Olmsted V K, Awrey D E, Koth C, Shan X, Morin P E, Kazanis S, Edwards A M, Arrowsmith C H
Ontario Cancer Institute and Department of Medical Biophysics, University of Toronto, Toronto, Ontario M5G 2M9, Canada.
J Biol Chem. 1998 Aug 28;273(35):22589-94. doi: 10.1074/jbc.273.35.22589.
TFIIS is a general transcription elongation factor that helps arrested RNA polymerase II elongation complexes resume transcription. We have previously shown that yeast TFIIS (yTFIIS) comprises three structural domains (I-III). The three-dimensional structures of domain II and part of domain III have been previously reported, but neither domain can autonomously stimulate transcription elongation. Here we report the NMR structural analysis of residues 131-309 of yTFIIS which retains full activity and contains all of domains II and III. We confirm that the structure of domain II in the context of fully active yTFIIS is the same as that determined previously for a shorter construct. We have determined the structure of the C-terminal zinc ribbon domain of active yTFIIS and shown that it is similar to that reported for a shorter construct of human TFIIS. The region linking domain II with the zinc ribbon of domain III appears to be conformationally flexible and does not adopt a single defined tertiary structure. NMR analysis of inactive mutants of yTFIIS support a role for the linker region in interactions with the transcription elongation complex.

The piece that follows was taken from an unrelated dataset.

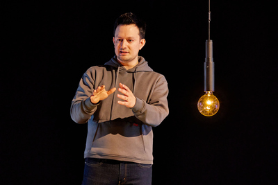 When Kayne, who wrote and stars in the show, introduces his family, he shows a photo of his wife Carrie and two children, Truman and Willa. He quickly qualifies his familial identification by stating that he's "not exactly" telling the truth. He also has another son, Fisher, who is Truman's identical twin brother. Fisher, Kayne explains, "died when he was 34 days old and that's what this show is about." Kayne proceeds to describe in harrowing details the circumstances around Fisher's death, and the debilitating grief that followed and which continues to linger. Yet, he points out the moments of absurdity and the elements of dark humor along the way, particularly in an experience with the all too eager to please administrators of the funeral home. (Aaron Rhyne designed the clever and helpful projections that back up Kayne's humorous claims throughout.) There also is a joke about an infant's onesie that is very amusing, but it received a few "too-soon?" gasps among the audience. Additionally, there are clever tangents in the form of classroom whiteboard lectures to prove his adage about the pitfalls of thinking things are just one way. Drolly, Kayne points to math, linguistics, and quantum physics for evidence. As a raconteur, Kayne is completely winning. The structure and execution are reminiscent of Mike Birbiglia, who has a similar style of circling around the main story and weaving through narrative diversions to link personal anecdotes with commonly shared experiences. If Kayne doesn't yet have the trenchant wit and slyly offhand delivery of Birbiglia, I still look forward to his monologues in the future. Josh Sharp directs, and while the focus is on the storytelling and engagement with the audience, there is a good deal of theatricality, especially in the last several minutes of the show. Aided by Brett Banakis's simple set design and Cha See's dazzling lighting, the production offers a moving and comforting vision of the departed among us. Over the past few years, Audible has produced some excellent works, and they have become an invaluable part of the Off-Broadway landscape. Although they specialize in presenting plays that will appeal primarily to listeners of audiobooks and podcasts, as Sorry for Your Loss demonstrates, their shows are well worth seeing. As Kayne reminds us, we mustn't rely on preconceived notions.
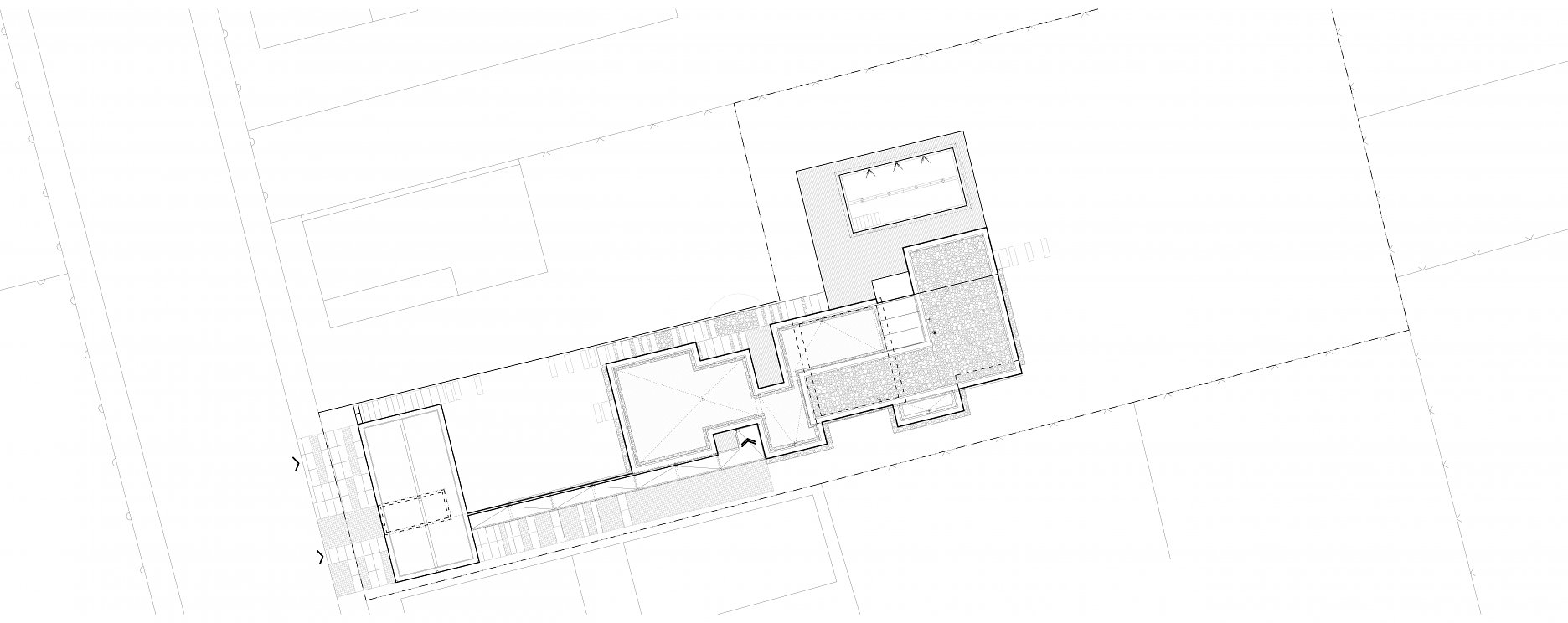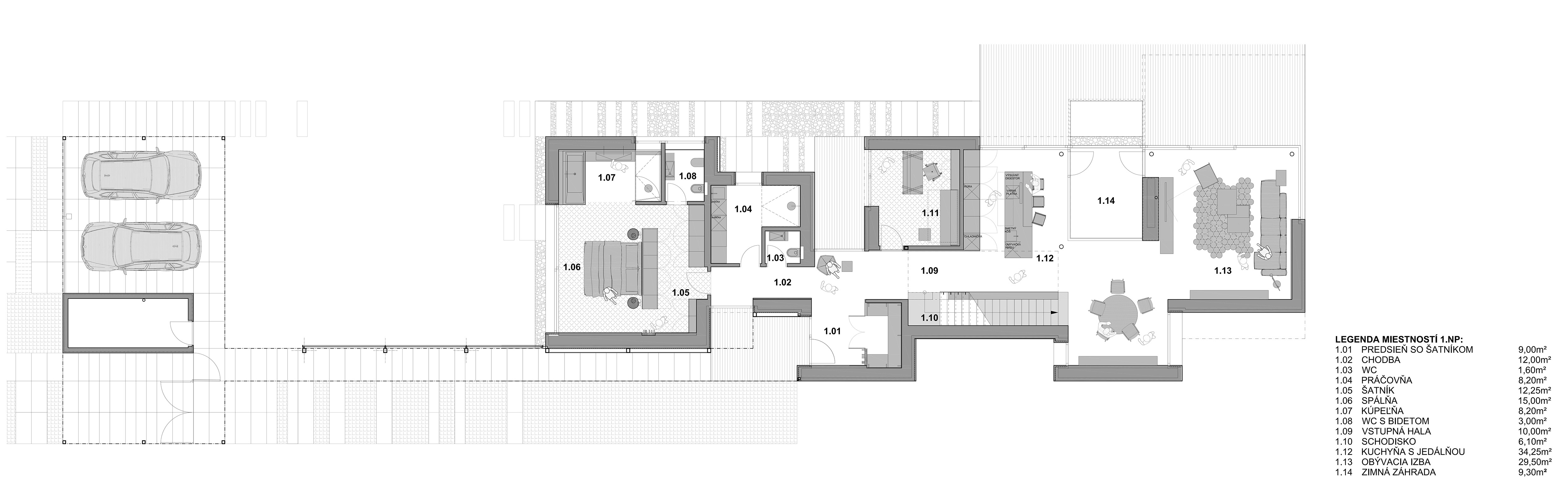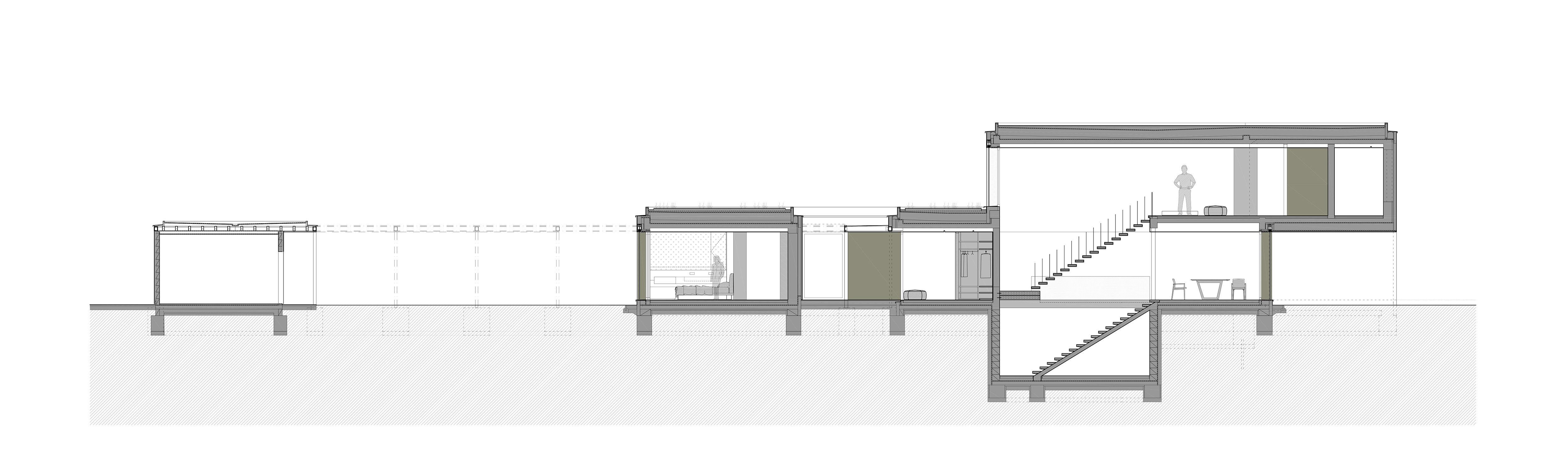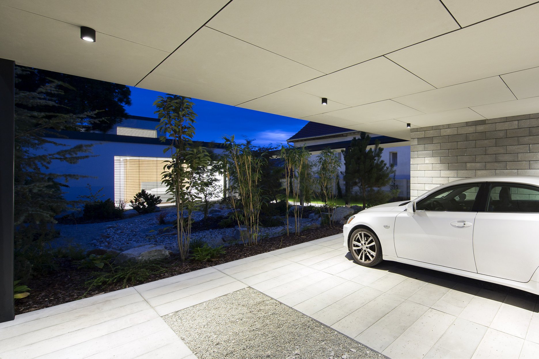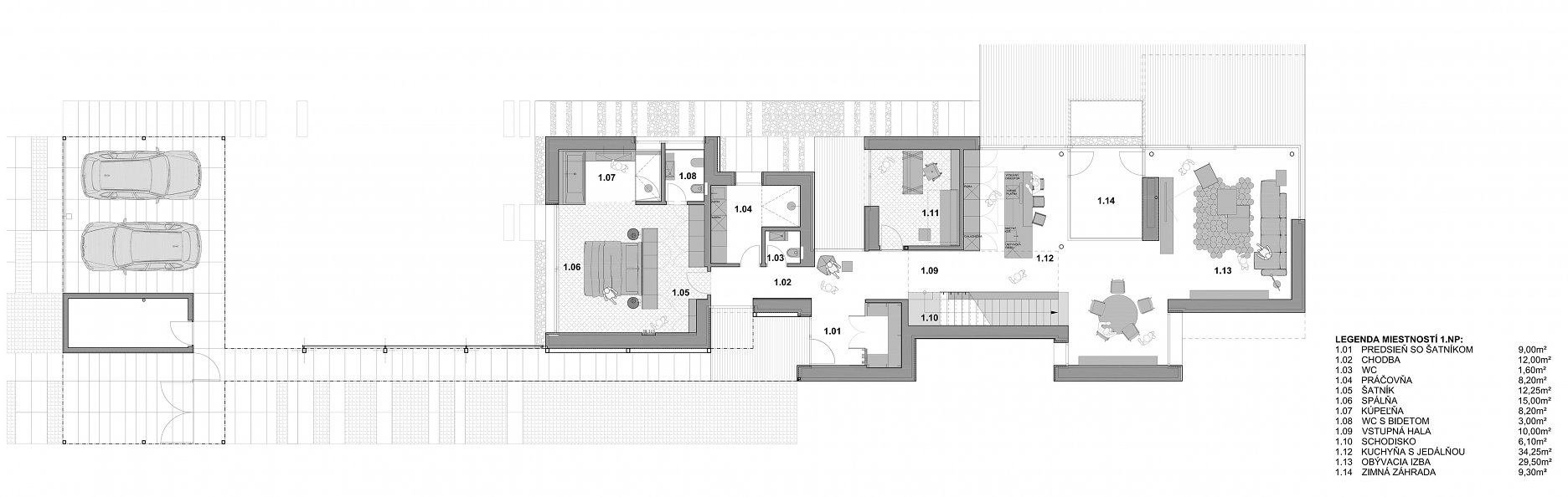 Prirodzené odčlenenie prístrešku pre autá s integrovaným skladom a miestom pre domový odpad odbremeňuje zvyšné časti pozemku od statickej dopravy. Táto subtílna časť zároveň tvorí oplotenie a uzatvára uličnú frontu. Spojenie s majoritnou časťou objektu tvorí kolonáda/pergola s popínavou zeleňou na pozinkovanom ráme. Zeleň sa vo viacerých obdobách a intervaloch objavuje aj na fasáde a v interiéri domu. Stavba je zo strany záhrady ukončená konzolovito vysunutou hmotou poschodia, ktorá chráni časť bazénovej terasy. Konzola dominantným spôsobom akcentuje stavbu v kľúčovom mieste, kde sa odohráva väčšina života rodiny. Dom svojim členením, osadením a hrou s ľudskou mierkou vytvára príjemné zákutia. Tieto priestory sú navzájom prepojené cez zaujímavé priehľady. Život rodiny sa odohráva na dvoch nadzemných a jednom podzemnom podlaží. Prízemie využité ako denná zóna rodinného domu spĺňa náročné požiadavky na dostatok komfortu a priestoru. Doplnením o rodičovský apartmán, pracovňu a práčovňu sa stáva plnohodnotným podlažím pre život manželov v budúcnosti. Vtiahnutie prírody do interiéru, nielen cez zasklenie, ale aj formou zimnej záhrady je príjemným bonusom.

TFIIS是一种通用转录延伸因子,可帮助停滞的RNA聚合酶II延伸复合物恢复转录。我们之前已经表明,酵母TFIIS(yTFIIS)由三个结构域(I-III)组成。结构域II和结构域III的一部分的三维结构先前已有报道,但这两个结构域都不能自主刺激转录延伸。在此,我们报告了yTFIIS中131-309位残基的核磁共振结构分析,该区域保留了全部活性,并且包含所有的结构域II和结构域III。我们证实,在完全活性的yTFIIS背景下,结构域II的结构与先前针对较短构建体所确定的结构相同。我们已经确定了活性yTFIIS的C端锌带结构域的结构,并表明它与报道的人TFIIS较短构建体的结构相似。连接结构域II与结构域III锌带的区域似乎在构象上具有灵活性,并且不采用单一确定的三级结构。yTFIIS无活性突变体的核磁共振分析支持连接区域在与转录延伸复合物相互作用中的作用。